The initial frequency analysis used to begin the process of sorting through a large dataset does not reflect the full picture of individual injury pattern. This study focused on abdominal and pelvis trauma, but there are multiple other injuries that will need consideration in the context of shock index. Trauma center participation in the NTDB is voluntary and therefore these data do not constitute registry information from all trauma centers in the U.S. Patients who died prior to emergency room presentation as well as those who did not seek or receive care from a trauma center would also not be captured in this database. Data quality for study variables are limited by the NTDB data standard. In the NTDB use of beta blockers (or other medications and conditions affecting heart rate and blood pressure) is not documented which almost certainly affected the analysis of shock indices (the likely skew of beta blockers, for instance, would be in reducing the mean of SI in higher age groups). We were also not able to use the modified shock index, due to unavailability of diastolic blood pressure to calculate Mean Arterial Pressure. We were unable to account for any contextual information regarding the vehicle crash that may affect injury patterns such as direction, speed, or force of the crash, and the position of the patient in the vehicle relative to impact.

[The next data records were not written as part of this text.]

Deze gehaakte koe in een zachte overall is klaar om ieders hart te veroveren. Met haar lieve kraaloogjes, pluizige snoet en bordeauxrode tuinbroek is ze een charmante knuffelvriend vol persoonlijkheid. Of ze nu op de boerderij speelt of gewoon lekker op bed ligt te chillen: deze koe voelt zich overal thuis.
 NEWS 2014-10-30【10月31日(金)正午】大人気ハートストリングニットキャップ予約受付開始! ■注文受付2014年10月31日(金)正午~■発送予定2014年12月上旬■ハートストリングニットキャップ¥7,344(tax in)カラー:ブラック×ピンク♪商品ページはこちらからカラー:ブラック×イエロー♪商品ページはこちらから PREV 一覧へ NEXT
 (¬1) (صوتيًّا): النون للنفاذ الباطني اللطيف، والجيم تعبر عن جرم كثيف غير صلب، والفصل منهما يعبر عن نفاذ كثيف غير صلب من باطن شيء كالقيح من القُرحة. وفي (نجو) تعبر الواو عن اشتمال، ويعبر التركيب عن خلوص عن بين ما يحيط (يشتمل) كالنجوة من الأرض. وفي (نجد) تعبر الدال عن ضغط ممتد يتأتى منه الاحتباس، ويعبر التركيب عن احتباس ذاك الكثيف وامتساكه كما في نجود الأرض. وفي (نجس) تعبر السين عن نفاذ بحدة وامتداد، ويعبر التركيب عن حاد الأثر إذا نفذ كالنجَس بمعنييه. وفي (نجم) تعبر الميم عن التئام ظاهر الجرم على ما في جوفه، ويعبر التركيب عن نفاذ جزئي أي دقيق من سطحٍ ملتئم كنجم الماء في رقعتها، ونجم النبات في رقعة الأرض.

Conclusion/interpretation of findings

• Women and men appear to have some differences in crash-related abdomen and pelvis injury, both in actual injury pattern and in their physiologic response to the trauma.

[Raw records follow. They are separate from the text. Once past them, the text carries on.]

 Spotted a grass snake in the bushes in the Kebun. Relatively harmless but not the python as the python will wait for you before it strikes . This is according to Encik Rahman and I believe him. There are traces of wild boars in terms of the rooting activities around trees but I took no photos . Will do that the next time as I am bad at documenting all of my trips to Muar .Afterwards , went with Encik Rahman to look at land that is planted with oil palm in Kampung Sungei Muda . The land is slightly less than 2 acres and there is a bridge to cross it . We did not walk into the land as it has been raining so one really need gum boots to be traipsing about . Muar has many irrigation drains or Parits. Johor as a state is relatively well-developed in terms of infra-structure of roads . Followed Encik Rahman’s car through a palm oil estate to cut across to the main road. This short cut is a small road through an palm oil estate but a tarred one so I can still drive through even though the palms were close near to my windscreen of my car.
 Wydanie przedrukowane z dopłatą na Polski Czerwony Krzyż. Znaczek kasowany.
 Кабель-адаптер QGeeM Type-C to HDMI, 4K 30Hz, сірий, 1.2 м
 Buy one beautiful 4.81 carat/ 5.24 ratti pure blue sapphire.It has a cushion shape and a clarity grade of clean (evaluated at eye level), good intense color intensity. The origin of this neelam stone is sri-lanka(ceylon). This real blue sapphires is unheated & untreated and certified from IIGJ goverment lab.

• Though many of these differences are attenuated in different age groups, the finding that women have greater risk of shock across multiple injury types, severities, and ages indicates that even in comparable situations, women may be more vulnerable to the injuries they experience.

• Injuries to bony pelvis, pelvic organs, liver, and stomach were more frequent in women than men, which may indicate a starting point for safety equipment evaluation.

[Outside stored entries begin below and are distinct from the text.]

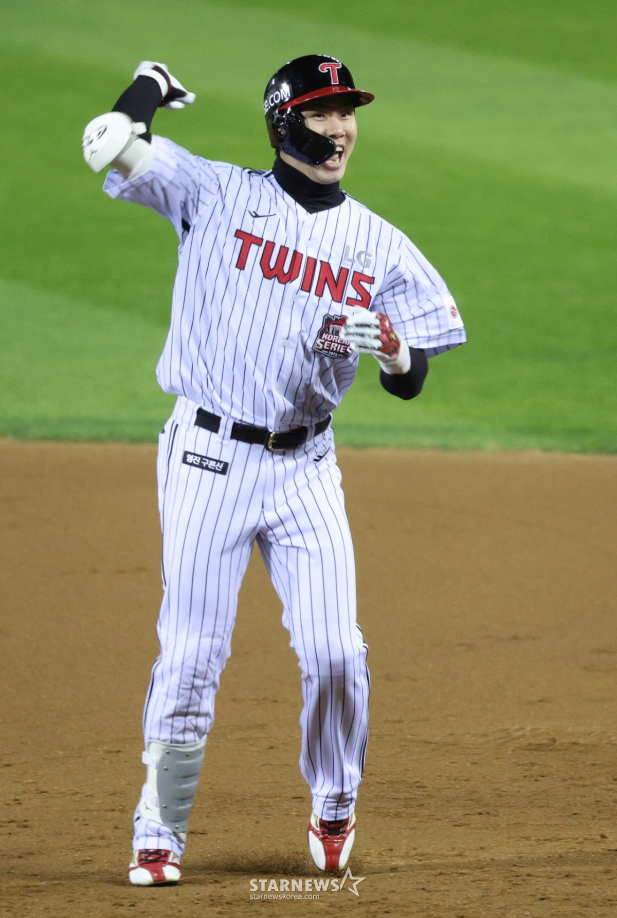 스포츠야구[포토] 홍창기 '역전타 짜릿'발행 : 2025.10.27 ・ 19:40잠실=김진경 대기자2025 KBO리그 한국시리즈 2차전 LG 트윈스 대 한화 이글스전이 27일 잠실야구장에서 열렸다.LG 홍창기가 2회말 1사 2루에서 역전 1타점 적시타를 날리고 출루한 후 환호하고 있다.<저작권자 © 스타뉴스, 무단전재 및 재배포 금지>프로야구KBO폰세김경문_감독노시환하주석추천 기사김진경 대기자기자홈좋아요 스포츠-야구의 인기 급상승 뉴스스포츠-야구의 최신 뉴스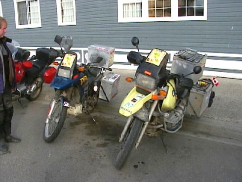 Ivan Bento Alves' Susuki DR–800S and Henrique Martinato's R1100GS. Back from the Arctic and heading home to Brazil.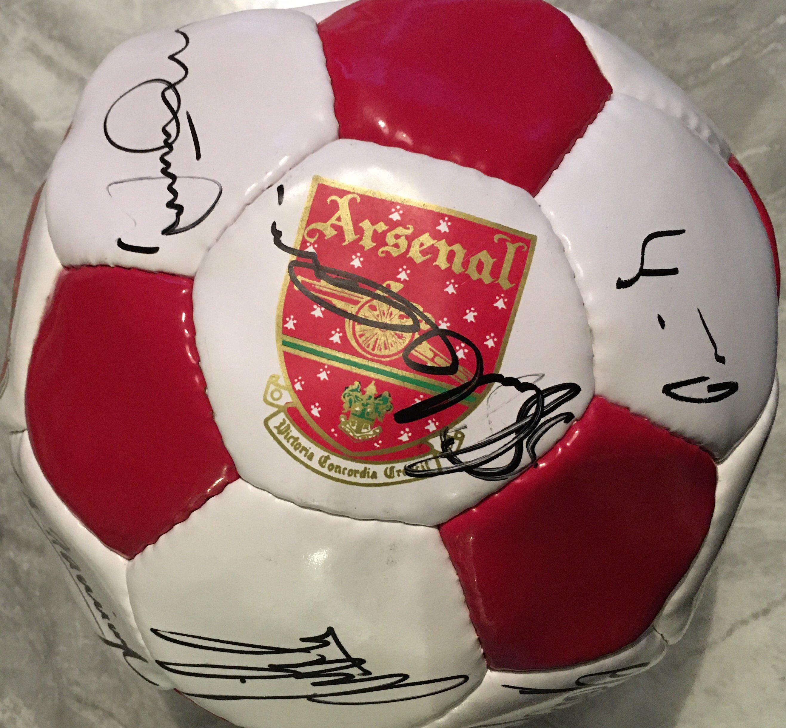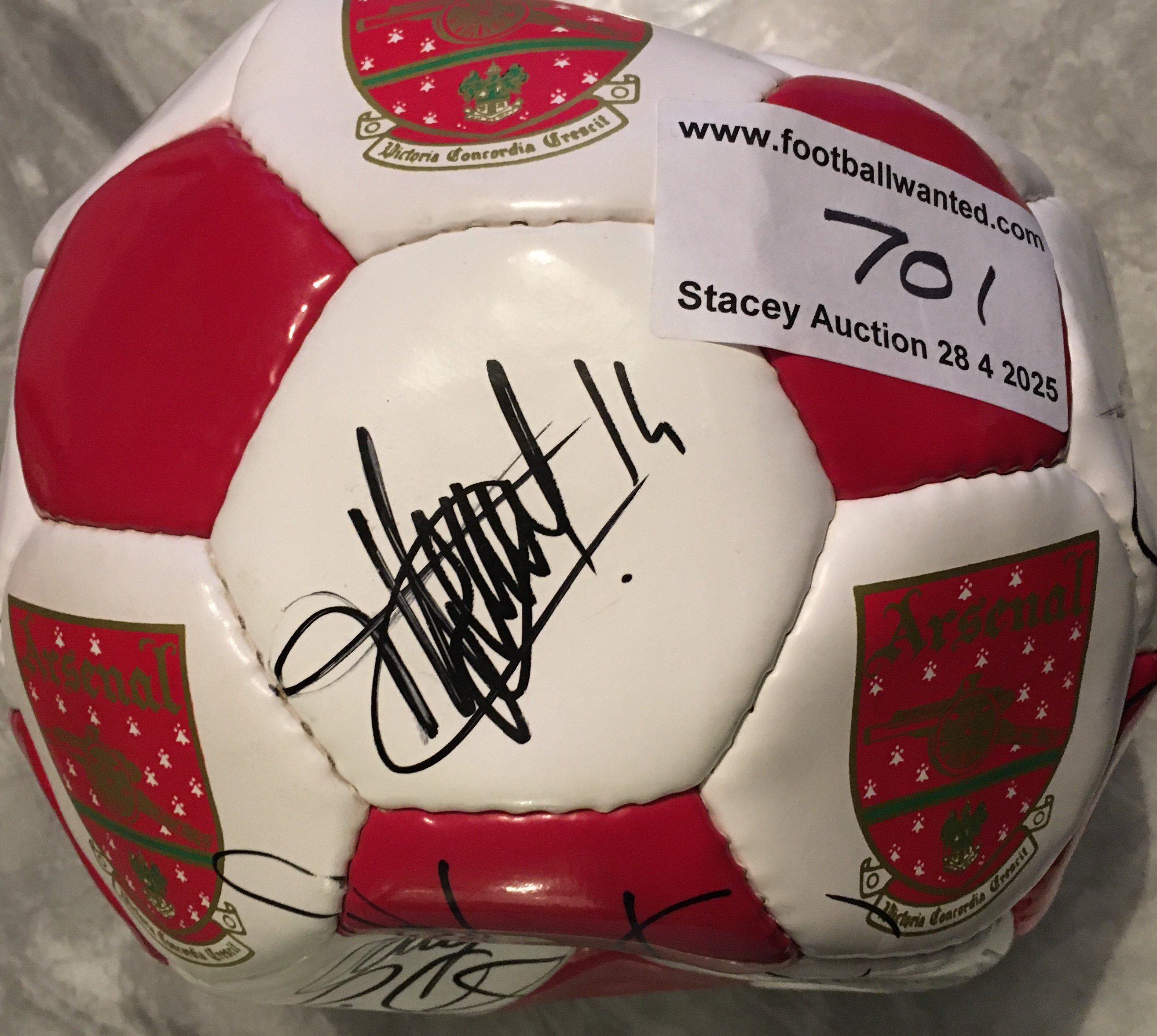 Arsenal Signed Football. Official red and white panelled ball fully signed by squad from around 2001 and includes autographs of Dixon and Henry. Estimate 17 autographs.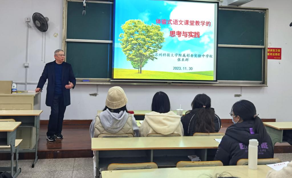 中文系2021级汉语言文学师范生教育见习入校学习阶段顺利完成,本周迎来教育见习第二阶段“名师讲座”系列。欢迎光临888集团先后邀请姑苏教育青年拔尖人才华琳智和江苏省特级语文教师张来群来到行知讲堂,为师范生带来两场精彩的讲座,两次活动均由中文系系主任朱鹏杰主持,欢迎光临888集团副院长孙虎来到现场,就如何进一步提升师范生专业技能跟专家展开深入交流。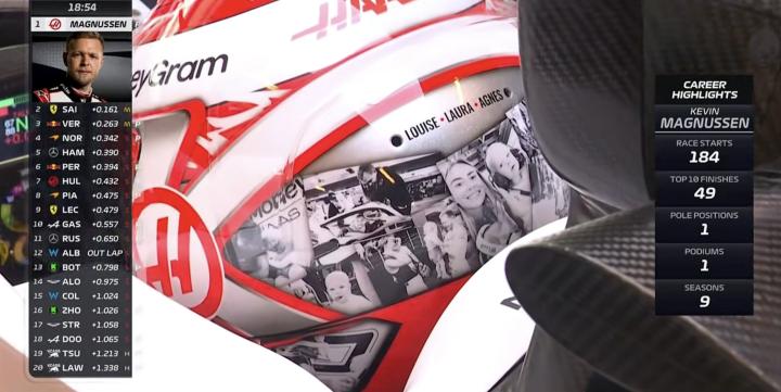 马格努森也迎来自己F1生涯的最后一场比赛,他本场的特别头盔上印有他与自己家人的点点滴滴!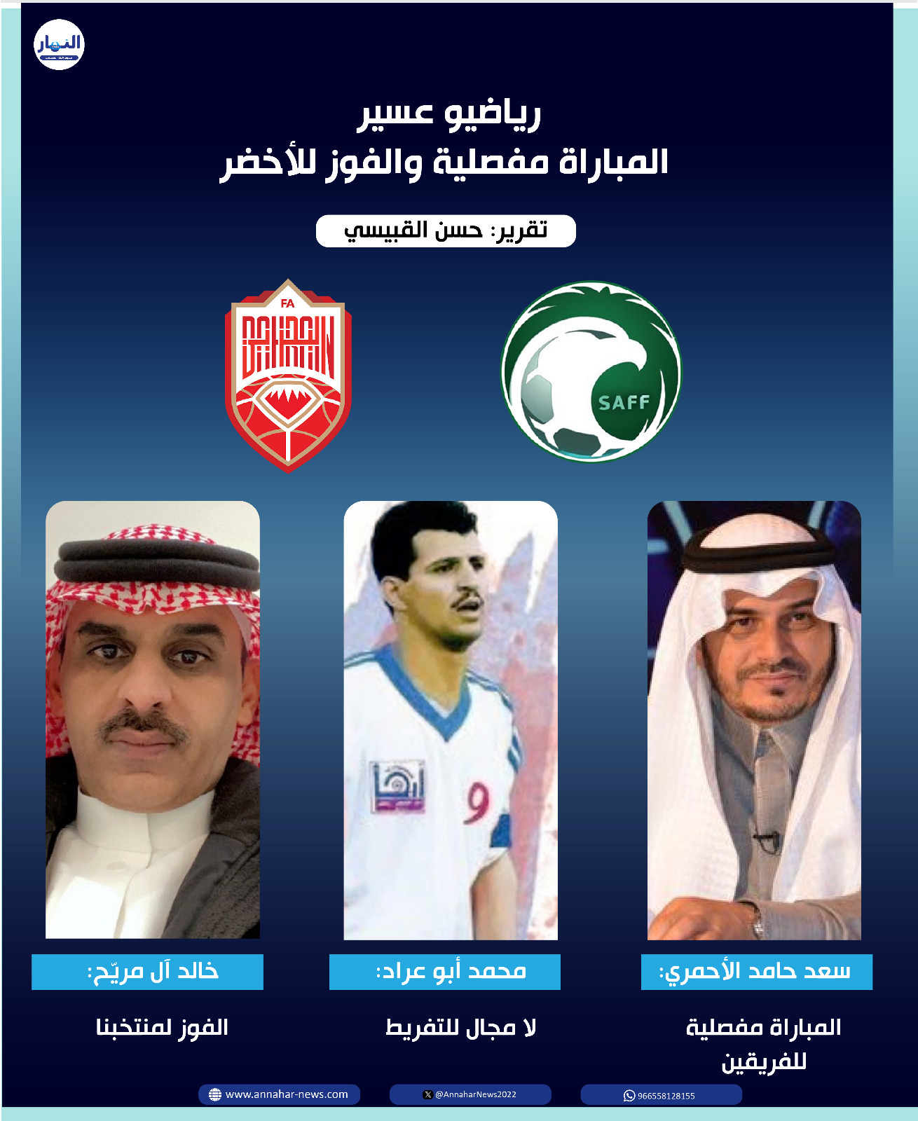 وختم تصريحه لصحيفة النهار بأن المنتخب السعودي قادر للفوز في المباراة عند حضور التركيز واللعب بحماس منضبط.

With greater numbers of pelvis (bony, AIS 2–5), pelvis (organ, AIS 5), liver (AIS 2–5), and stomach injuries (AIS 3–4) in women, it is possible that some element of anatomical difference between male and female bodies is interacting with safety equipment in a way that increases these injuries. Since current vehicle safety equipment is designed for a standard male figure, the question of whether a female occupant may somehow be under-protected, either due to equipment fit (i.e., seat belt positioning) or because female occupants make out-of-standard adjustments to accommodate their size, proportions, or weight distribution (i.e., distance to steering wheel) needs further investigation. Female drivers are often considered “out-of-position,” but this designation of women as non-standard is the primary root of multiple inequities in research and design of daily-use, safety-related, or health-affecting equipment. The absence of female bodies as their own standard clearly has consequences, which in the case of vehicle crashes, can be serious and life-altering.

By elucidating the differences between male/female injury patterns and connecting them to male-preferential safety equipment, we may clear a path for research to pursue any number of vehicle occupant variations in injury and vehicle design; whether this will require improved dummy technology, computer modeling, or a combination of the two remains to be seen. Findings from the clinical approach described in this study can be used to address sex-based discrepancies in a critical area of injury-related public health, and can be used to prioritize future directions for sex-related crash injury research.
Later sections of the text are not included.